Historic house in New York, United States

The Stone Jug is a historic house at the corner of NY 9G and Jug Road in Clermont, New York, United States. It dates to the mid-18th century and is largely intact, although it has been expanded somewhat since then.

It was built by Konradt Lasher, a Palatine German immigrant to the area who first farmed as a tenant of Robert Livingston. Unusually in an area where brick was the favored material, he chose stone. In the mid-19th century his descendants bought the land and built a farmhouse, now across the street. It, the stone house and several other buildings from the Lasher family farm were listed on the National Register of Historic Places in 1978. Later, in 1992, it became a contributing property to the Hudson River Historic District, a National Historic Landmark.

==Property==

The house is part of a 9.7 acre former farm property on both sides of Route 9G. It includes another farmhouse, a barn, and the remaining foundations of two other stone houses. All are considered contributing properties to its historic character.

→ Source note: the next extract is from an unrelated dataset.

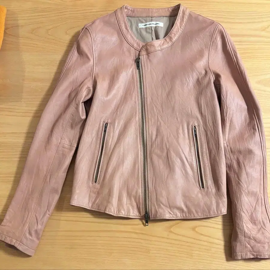 • sophila 노카라 가죽 자켓 핑크 베이지 램 가죽
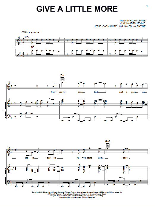 Download or print Maroon 5 Give A Little More sheet music, chords and digital score arranged for Piano, Vocal & Guitar Chords (Right-Hand Melody). This Pop score includes 6 page(s).

The Stone Jug is a 1 1/2-story house consisting of a main block faced mostly in stone with a gabled roof. The west gable end is in brick, as is the chimney that rises from that side. The north wing, added more recently, is of concrete block faced in fieldstone on the east and weatherboard on the north and west.

Original Dutch doors are on both entrances, at the south of the basement and east of the first story. The lintel above the east entrance has the year 1752 and "K.B.L & J." carved into it. The lower one opens into a large room with a 7 ft hearth built into the west wall. The staircase is original except for the steps. Upstairs, the main room is also mostly intact except for a small entry hall partitioned off to the east. Most of the windows are original except for the double casement on the west wall. On the top is a garret with exposed rafters.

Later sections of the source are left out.